I was contemplating that the impatience of hearing people waiting for someone to answer the phone has reached the point where the etiquette has inverted, and in these days of nearly universal CID, a phone call merely functions as a de-facto "call me back" request, with no expectation that one should finish peeing, wash the oil off your hands, fish the baby out of the bath or put your hearing aid in before answering.

Of course, it doesn't work in real life.  Couriers still give you less than 5 seconds to answer the door, and people will babble at you while watching you pick up the dropped battery, put your hearing aid in, and perform the universal mime for busy cursor, before getting annoyed when you ask them to repeat themselves.

Re: Hearing aid tips and advice.
« Reply #113 on: 11 February, 2024, 09:45:54 pm »
people with moderate hearing loss who don’t wear hearing aids seem to develop dementia, a bit sooner, possibly to do with having to concentrate extra to hear.

I think it is more to do with relative social isolation and not being able to fully participate in conversation.

These were from phonak and she said the app is crap, but if the audiologist sets them up okay then they can be really good.

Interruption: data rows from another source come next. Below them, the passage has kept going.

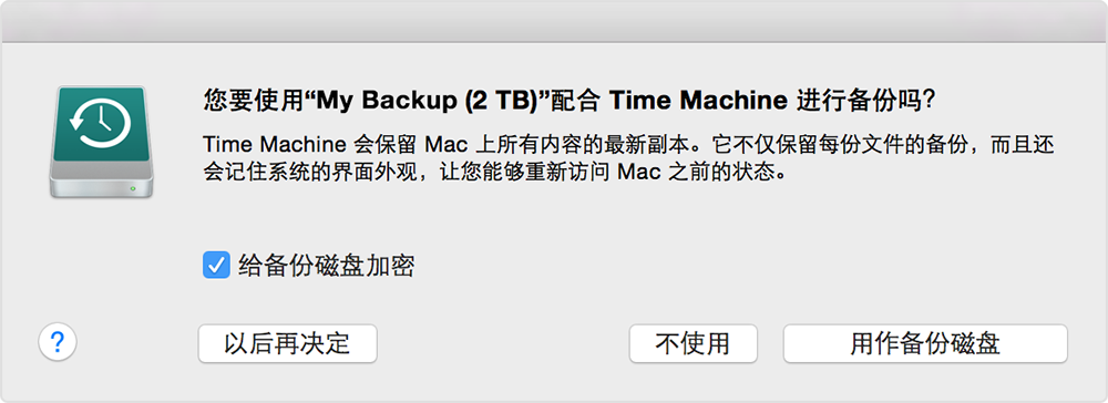 將外置驅(qū)動器直接連接到 Mac 時,系統(tǒng)可能會詢問您是不是要通過“時間機器”將這個驅(qū)動器用于備份。請選擇“給備份磁盤加密”(推薦),然后點按“用作備份磁盤”。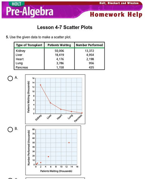 Holt, Rinehart and Winston: Homework Help Independent Practice: Scatter Plots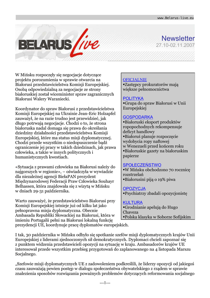 www.Belarus-live.eu Newsletter 27.10-02.11.2007 W Mińsku rozpoczęły się negocjacje dotyczące projektu porozumienia w sprawie otwarcia na Białorusi przedstawicielstwa Komisji Europejskiej. Osobą odpowiedzialną za negocjacje ze strony białoruskiej został wiceminister spraw zagranicznych Białorusi Walery Waraniecki. Koordynator do spraw Białorusi z przedstawicielstwa Komisji Europejskiej na Ukrainie Jean-Eric Holzapfel zauważył, że na razie trudno jest przewidzieć, jak długo potrwają negocjacje. Chodzi o to, że strona białoruska nadal domaga się prawa do określania dziedziny działalności przedstawicielstwa Komisji Europejskiej, które ma status misji dyplomatycznej. Chodzi przede wszystkim o niedopuszczenie bądź ograniczenie jej pracy w takich dziedzinach, jak prawa człowieka, a także w innych politycznych i humanistycznych kwestiach. «Sytuacja z prawami człowieka na Białorusi należy do najgorszych w regionie», – oświadczyła w wywiadzie dla niezależnej agencji BiełaPAN prezydent Międzynarodowej Federacji Praw Człowieka Souhayr Belhassen, która znajdowała się z wizytą w Mińsku w dniach 29-31 października. OFICJALNIE Zastępcy prokuratorów mają większe pełnomocnictwa POLITYKA Grupa do spraw Białorusi w Unii Europejskiej GOSPODARKA Białoruski eksport produktów ropopochodnych rekompensuje deficyt handlowy Białoruś planuje rozpoczęcie wydobycia ropy naftowej w Wenezueli przed końcem roku Białoruskie gazety na białoruskim papierze SPOŁECZEŃSTWO W Mińsku obchodzono 70 rocznicę rozstrzelań Białorusini piją o 19% piwa OPOZYCJA Psychiatrzy zbadali opozycjonistę Warto zauważyć, że przedstawicielstwo Białorusi przy KULTURA Komisji Europejskiej istnieje już od kilku lat jako Grodnianie apelują do Hugo pełnoprawna misja dyplomatyczna. Obecnie Chaveza Ambasada Republiki Słowackiej na Białorusi, która w Polska klasyka w Soborze Sofijskim imieniu Portugalii pełni na Białorusi lokalną funkcję prezydencji UE, koordynuje pracę dyplomatów europejskich. I tak, 30 października w Mińsku odbyło się spotkanie szefów misji dyplomatycznych krajów Unii Europejskiej z liderami zjednoczonych sił demokratycznych. Dyplomaci chcieli zapoznać się z punktem widzenia przedstawicieli opozycji na sytuację w kraju. Ambasadorów krajów UE interesował przede wszystkim przebieg przygotowań do zaplanowanego na 4 listopada Marszu Socjalnego. „Szefowie misji dyplomatycznych UE z zadowoleniem podkreślili, że liderzy opozycji od jakiegoś czasu zauważają pewien postęp w dialogu społeczeństwa obywatelskiego z rządem w sprawie znalezienia sposobów rozwiązania poważnych problemów dotyczących reformowania socjalnego ---1--- www.Belarus-live.eu systemu Białorusi”, – czytamy w oświadczeniu Ambasady Słowacji. Sformułowanie „pewien postęp w dialogu z rządem” dotyczy prawdopodobnie tego, że władza zaczęła udzielać opozycji specjalnych zezwoleń na przeprowadzenie mitingów i zebrań, do czego prawo zapewnia obywatelom obecna Konstytucja Białorusi. Indykatorem ważności akcji „Marsz Socjalny” może być stopień udziału w nim drobnych przedsiębiorców. Uważa się, że właśnie ta kategoria obywateli była motorem rewolucji pomarańczowej na Ukrainie. Związki Przedsiębiorców Białorusi przeprowadziły w ciągu roku kilka dosyć dużych akcji protestacyjnych i stale organizują – jeśli tylko zezwalają na to władze lokalne – pikiety w sprawie zmiany zasad rozporządzenia Nr 760. Warto zauważyć, że Sąd Najwyższy odmówił sprawdzenia zgodności tego rozporządzenia prezydenta z Konstytucją. Nie można jednak powiedzieć, że przedsiębiorcy białoruscy prezentują zgodność i aktywność w określeniu swego losu. Widocznie wielu z nich uważa, że bardziej efektywnymi są inne sposoby rozwiązania problemu. Jeden z nich – to rejestracja pracowników najemnych w charakterze indywidualnych przedsiębiorców (IP). Kolejny – to przeniesienie biznesu do krajów sąsiedzkich, praca według szarych schematów, nieoficjalne zatrudnianie pracowników („na czarno”). Według wielu ekspertów, wszystkie te działania – zamiast sprzyjania powstaniu bardziej cywilizowanych zasad pracy przedsiębiorców – przywrócą komercjalne zasady z początku lat 1990-tych, które cechował brak socjalnej i prawnej ochrony osób zajmujących się drobnym biznesem, wzrost zapotrzebowania na usługi grup przestępczych oraz wzrost obrotów gotówkowych. Oprócz tego likwidacja działalności wielu przedsiębiorców indywidualnych doprowadzi do wzrostu liczby osób oficjalnie niezatrudnionych w gospodarce kraju, których ilość i tak sięga już 1 mln. na 4,5 mln. osób w wieku produkcyjnym. Istotnym wydarzeniem na Białorusi, jak sądzono, powinno stać się forum 3 listopada „W przyszłość – bez komunizmu” z udziałem naukowców, ofiar represji komunistycznych i działaczy kultury, przedstawicieli duchowieństwa oraz gości zagranicznych. Po tym, jak dyrekcja Domu Kultury „MAZ” (Mińskiej Fabryki Samochodów) nie udzieliła zgody na przeprowadzenie forum w sali DK organizatorzy zmuszeni zostali do poszukania innych możliwości. Jak oświadczył przewodniczący komitetu organizacyjnego do spraw forum Aleś Michalewicz, powód odmowy został zmyślony i forum tak czy inaczej odbędzie się, chociaż pewnie w mniejszej skali. Powyższe forum – to reakcja na przeprowadzenie 4 listopada w Mińsku – przy osobistym wsparciu A. Łukaszenki – międzynarodowego spotkania przedstawicieli partii komunistycznych. Właśnie w Mińsku komuniści z całego świata rozpoczynają uroczystości z okazji 90-lecia rewolucji październikowej. Uroczystości mają zakończyć się 7 listopada w Moskwie. Pewien rezonans w wewnątrzpolitycznym życiu Białorusi powinno wywołać także inne przedstawienie. 1 listopada w Mińsku został otwarty I Zjazd Naukowców Białorusi, w którym bierze udział 2,5 tys. delegatów

The app is quite crap. You can modify or set programmes but personally I find the only programmes I use are “full auto” and “raw unmodified”, for want of better terms. The latter for music. (Speaking of music, there is a huge variation in how different HA brands sound when listening to music, Bernafon being the best I have had). One of the main things that is crap about the app is that if you want to use it to change between programmes, you have to wait a bit for the app to connect to the HAs first. The app doesn’t allow you to adjust things that would be useful to adjust such as wind noise.

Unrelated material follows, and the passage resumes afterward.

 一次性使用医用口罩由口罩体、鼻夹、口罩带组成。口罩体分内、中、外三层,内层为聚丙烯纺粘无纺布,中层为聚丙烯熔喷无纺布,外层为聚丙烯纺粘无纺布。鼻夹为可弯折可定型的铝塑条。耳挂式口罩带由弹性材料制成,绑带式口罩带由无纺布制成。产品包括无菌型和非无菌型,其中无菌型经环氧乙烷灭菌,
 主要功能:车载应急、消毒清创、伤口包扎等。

The Phonaks are good. The only negative for me is that, in common with every rechargeable item on this planet, the battery life is not as good as claimed. A night ride, if one is into such things, would require a recharge at some point during the day or evening before said ride, otherwise one will not experience the dawn chorus. As well as the charger / drier, I have a smaller charger which attaches to its own battery. Together they form quite a portable package, although of course you could connect any portable charger to it.

It is all about how they are set up at the time of purchase, a process that has been improved immensely by better fitting tools that have been around for a few years now: a mic is placed in the ear canal which picks up what the HA is delivered to said ear-hole, rather than relying on the user to, under pressure, identify what needs to be changed. I used to need 3 or 4 post-purchase adjustments before this equipment came along, and was usually left thinking that if I had a bit of time with the software I could do a better job myself. Now there is a good chance they will be right first time.